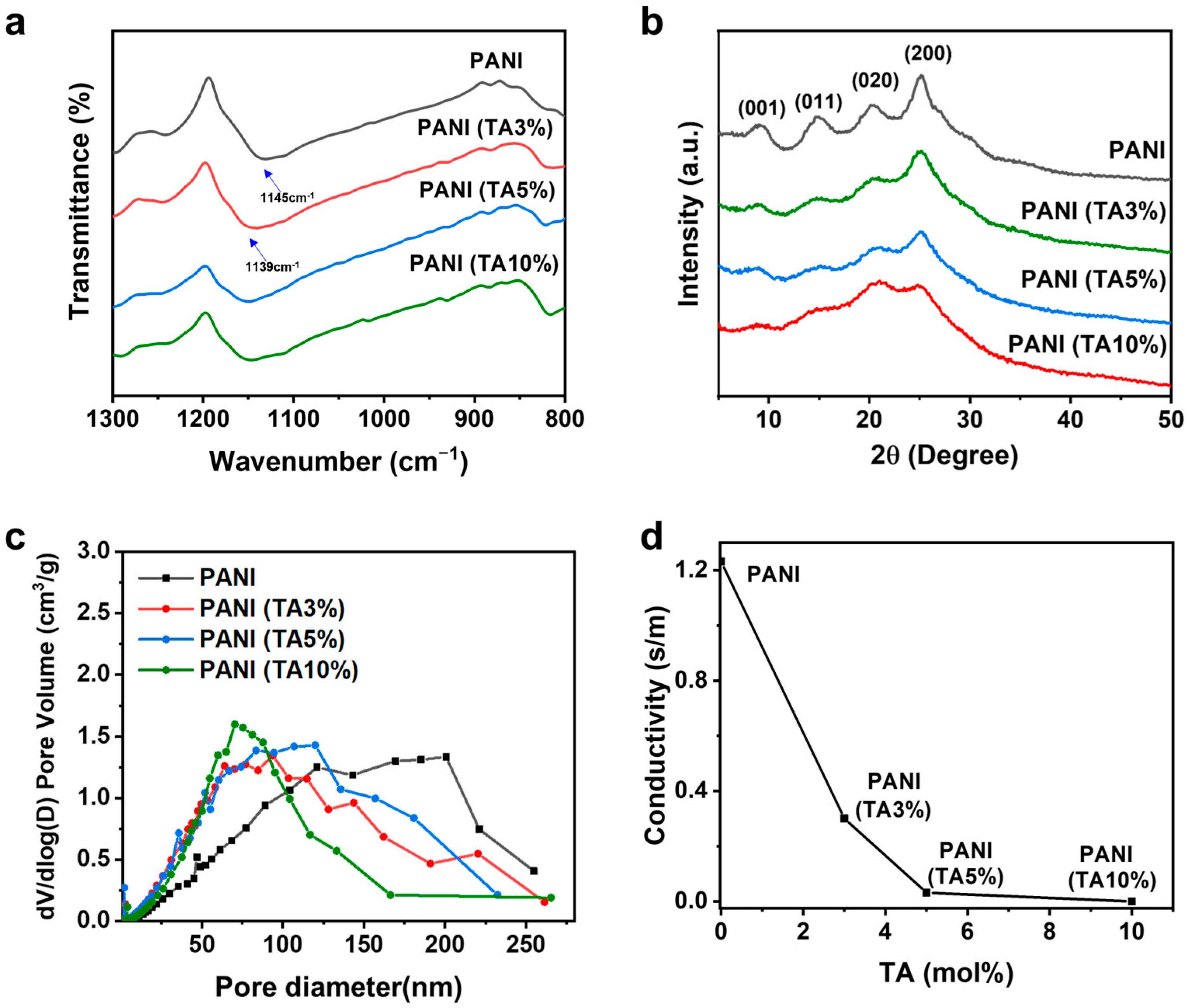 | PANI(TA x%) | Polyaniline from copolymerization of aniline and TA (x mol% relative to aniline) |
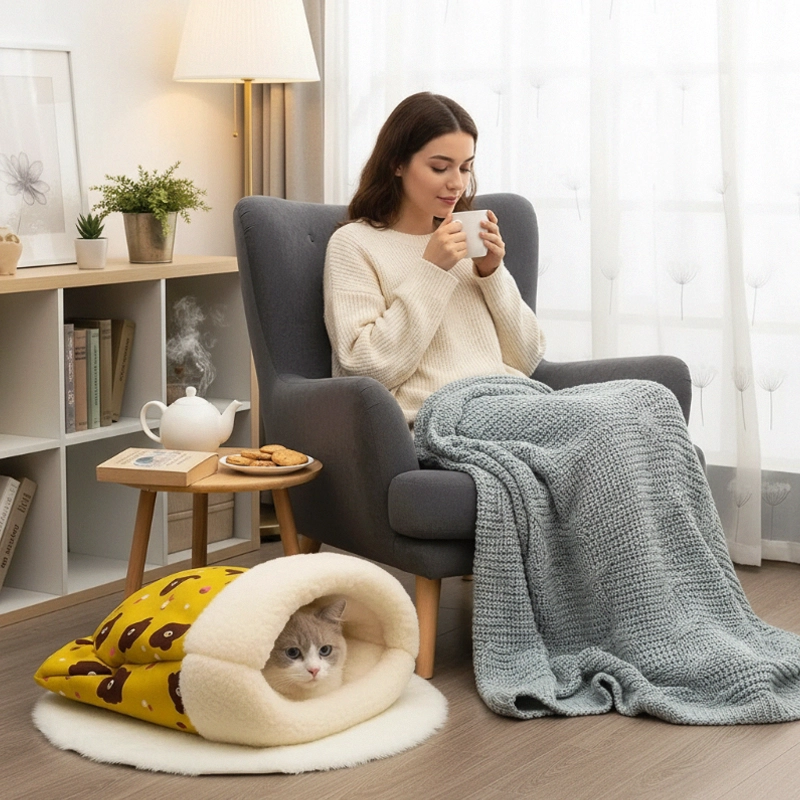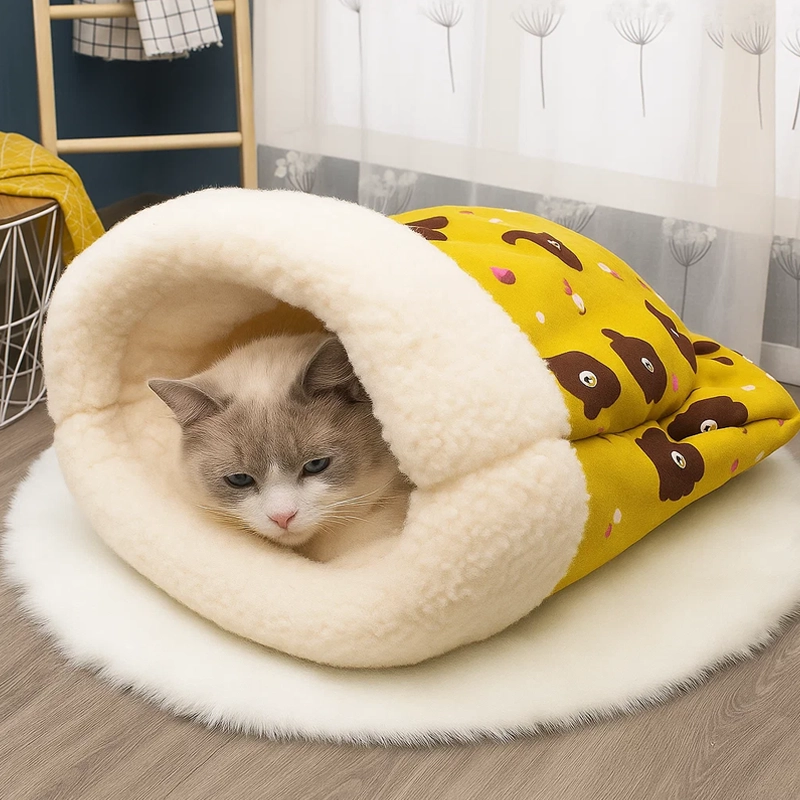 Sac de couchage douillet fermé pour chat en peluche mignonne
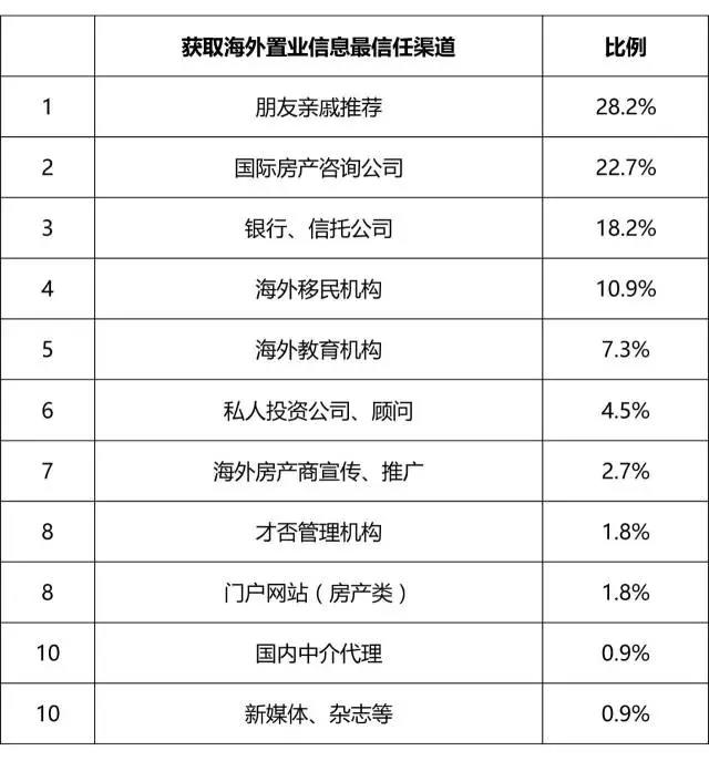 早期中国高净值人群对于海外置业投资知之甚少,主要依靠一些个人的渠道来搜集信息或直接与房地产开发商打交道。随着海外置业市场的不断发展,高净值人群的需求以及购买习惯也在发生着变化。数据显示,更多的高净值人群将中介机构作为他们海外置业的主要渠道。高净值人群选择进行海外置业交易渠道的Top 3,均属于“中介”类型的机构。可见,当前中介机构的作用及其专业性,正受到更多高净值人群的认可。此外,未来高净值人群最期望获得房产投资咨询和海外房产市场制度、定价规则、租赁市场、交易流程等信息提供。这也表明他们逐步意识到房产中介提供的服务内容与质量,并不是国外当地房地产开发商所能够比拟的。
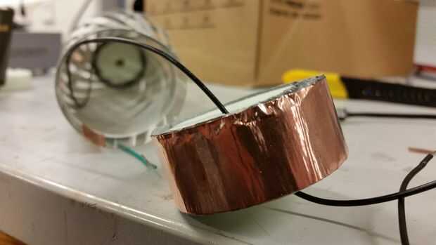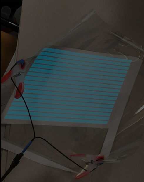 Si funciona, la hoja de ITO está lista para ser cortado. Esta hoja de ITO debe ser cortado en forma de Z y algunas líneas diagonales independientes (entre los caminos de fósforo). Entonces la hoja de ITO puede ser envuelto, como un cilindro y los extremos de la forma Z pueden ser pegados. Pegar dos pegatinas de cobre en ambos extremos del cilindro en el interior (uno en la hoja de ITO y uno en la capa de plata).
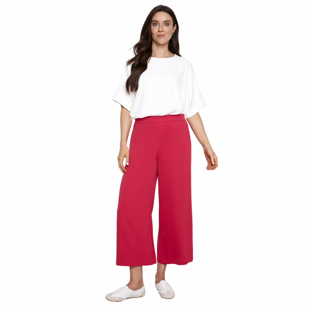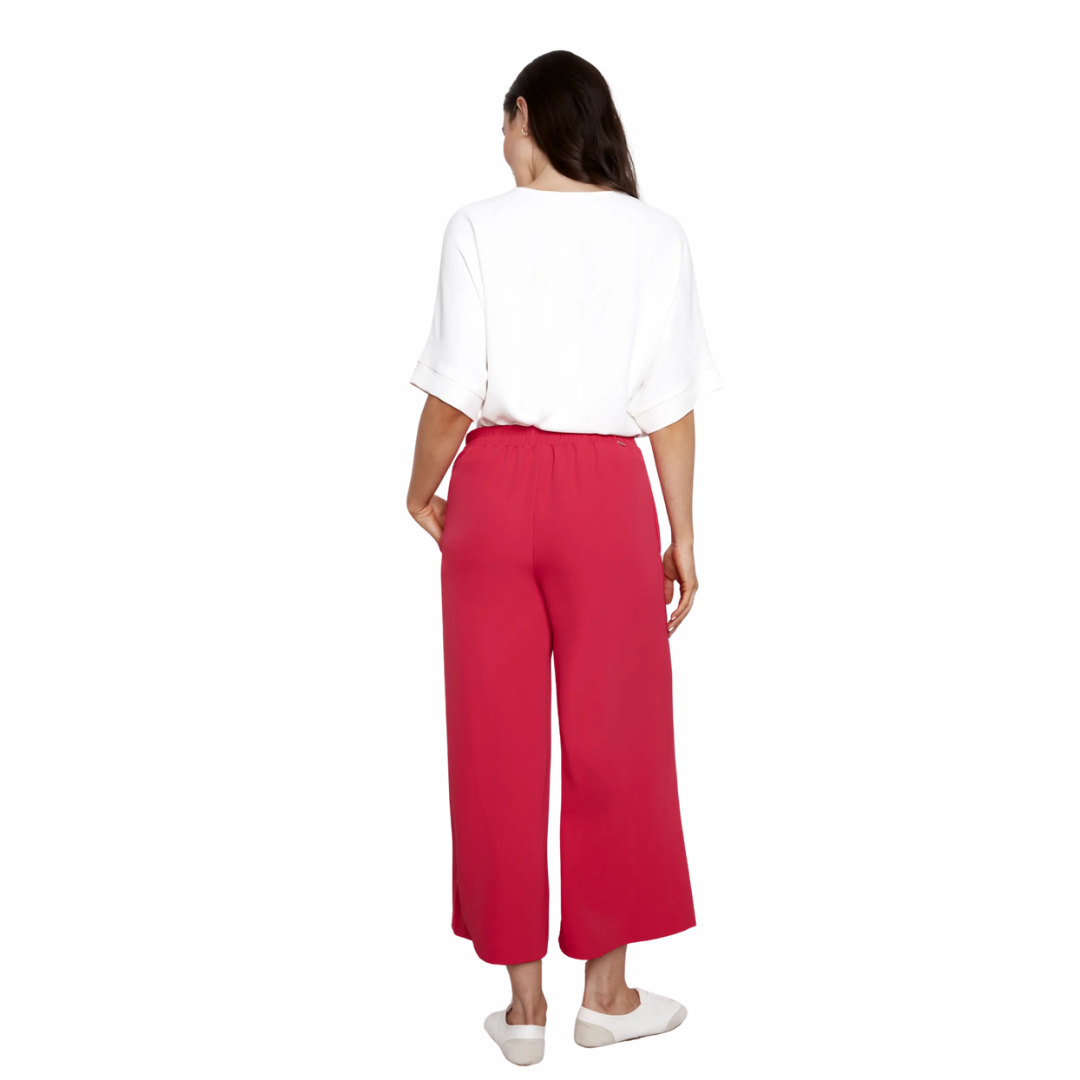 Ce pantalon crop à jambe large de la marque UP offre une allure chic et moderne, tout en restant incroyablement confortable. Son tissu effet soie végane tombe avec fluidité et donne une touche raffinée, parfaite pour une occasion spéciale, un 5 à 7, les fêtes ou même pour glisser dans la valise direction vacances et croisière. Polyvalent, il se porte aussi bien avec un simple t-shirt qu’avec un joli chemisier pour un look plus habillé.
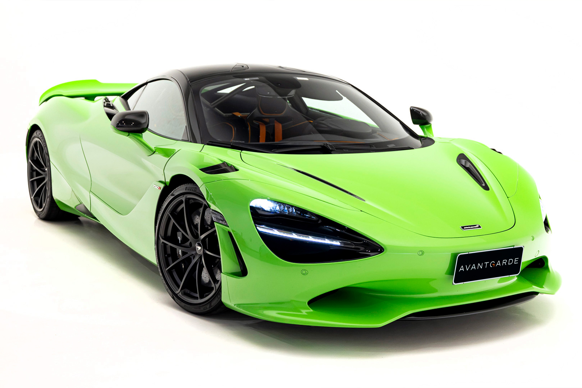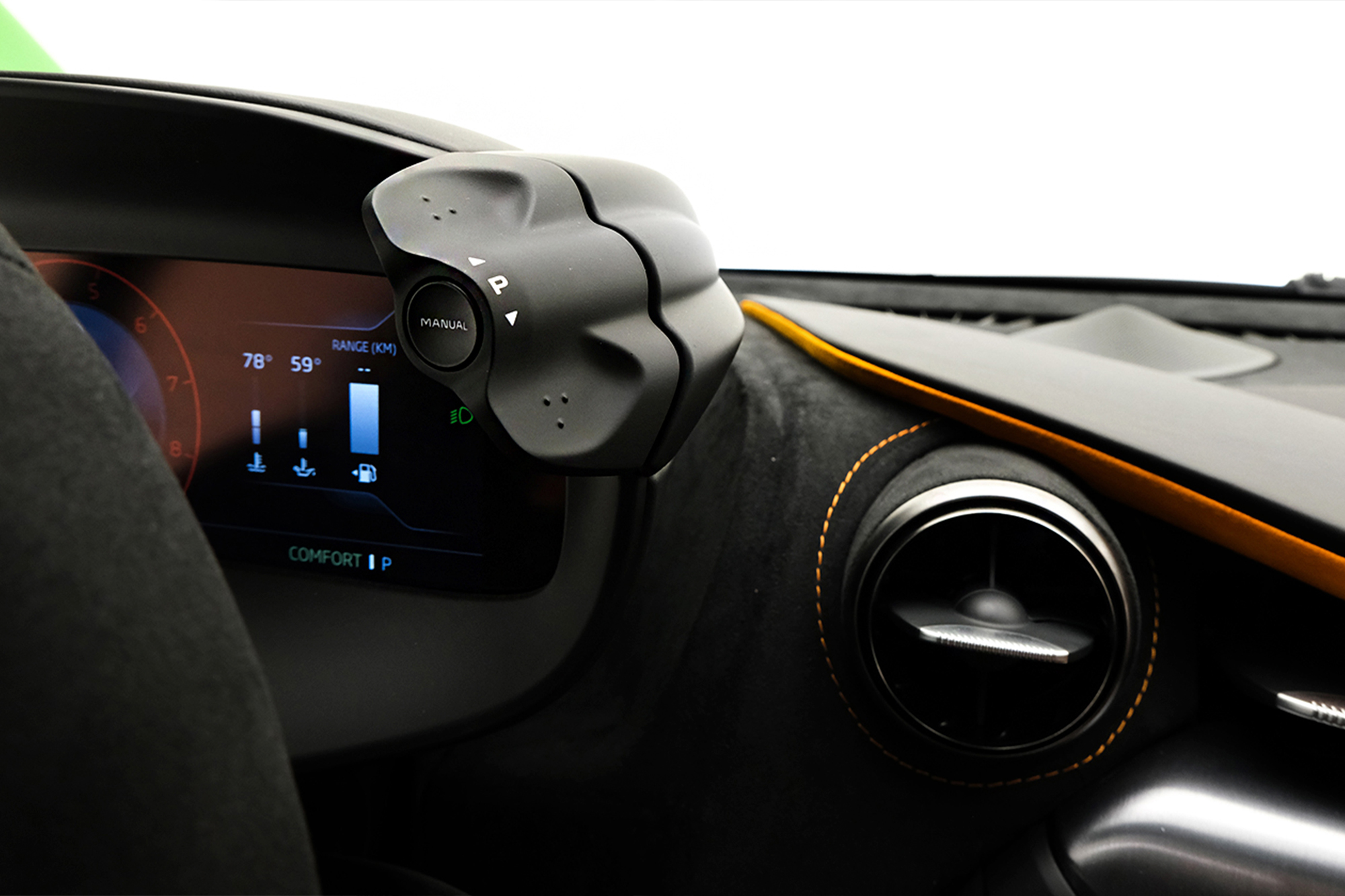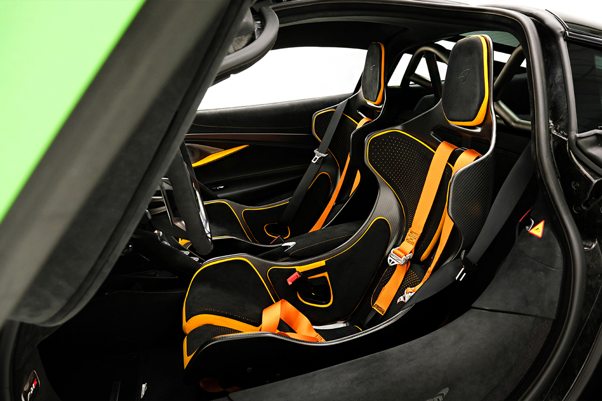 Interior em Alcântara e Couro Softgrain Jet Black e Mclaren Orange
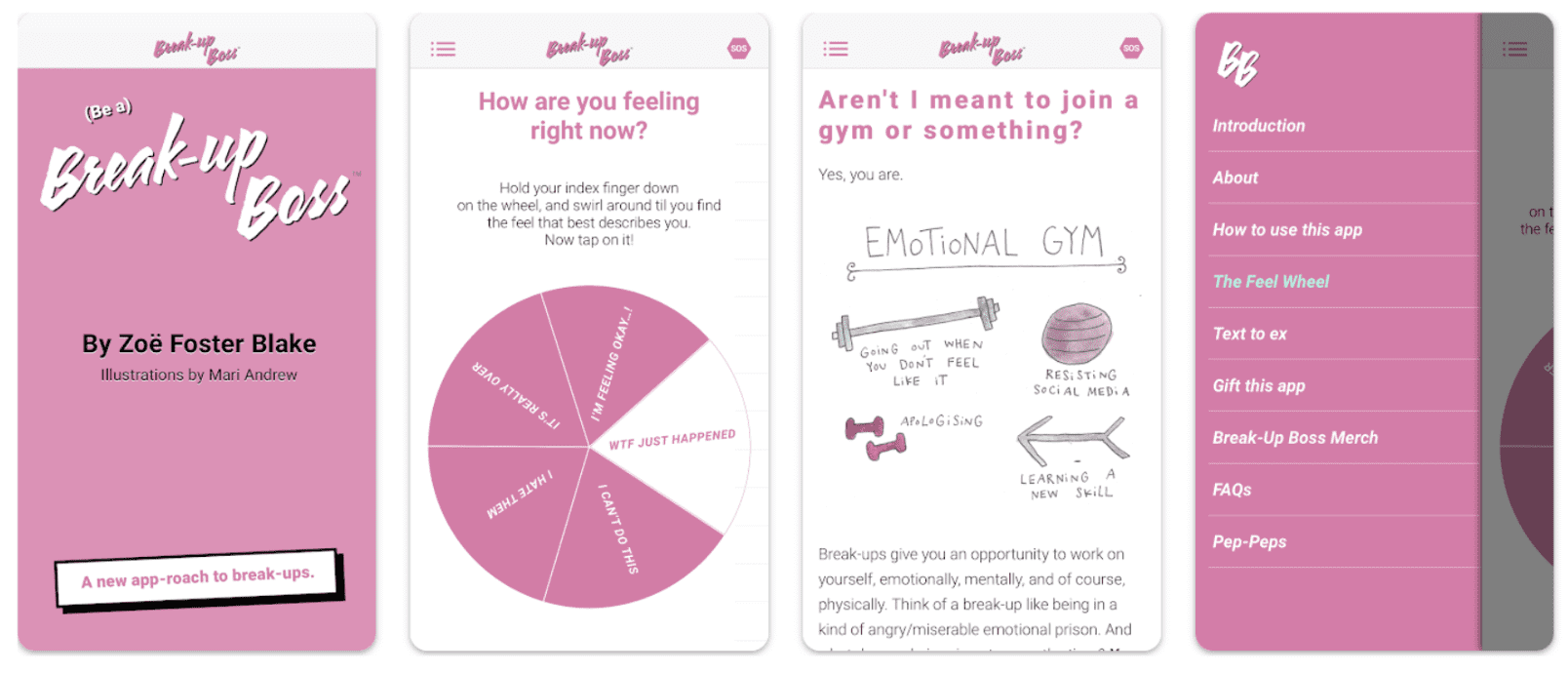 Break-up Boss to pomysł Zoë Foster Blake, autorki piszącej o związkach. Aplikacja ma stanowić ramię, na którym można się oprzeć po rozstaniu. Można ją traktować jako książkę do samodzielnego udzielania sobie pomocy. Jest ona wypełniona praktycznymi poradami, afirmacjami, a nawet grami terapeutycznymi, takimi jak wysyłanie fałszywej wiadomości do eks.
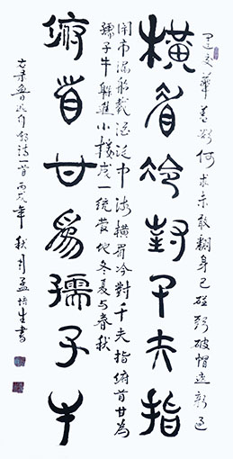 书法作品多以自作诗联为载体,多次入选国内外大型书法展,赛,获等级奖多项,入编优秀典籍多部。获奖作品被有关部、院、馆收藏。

-------

WORK TO COMPLETE:
Starting at the line with "Interior em Alcântara" and stopping at the final line of the material, reproduce each line exactly, both ends included. Leave the pictures out.

PROBLEM SOLUTION:
 Interior em Alcântara e Couro Softgrain Jet Black e Mclaren Orange
 Break-up Boss to pomysł Zoë Foster Blake, autorki piszącej o związkach. Aplikacja ma stanowić ramię, na którym można się oprzeć po rozstaniu. Można ją traktować jako książkę do samodzielnego udzielania sobie pomocy. Jest ona wypełniona praktycznymi poradami, afirmacjami, a nawet grami terapeutycznymi, takimi jak wysyłanie fałszywej wiadomości do eks.
 书法作品多以自作诗联为载体,多次入选国内外大型书法展,赛,获等级奖多项,入编优秀典籍多部。获奖作品被有关部、院、馆收藏。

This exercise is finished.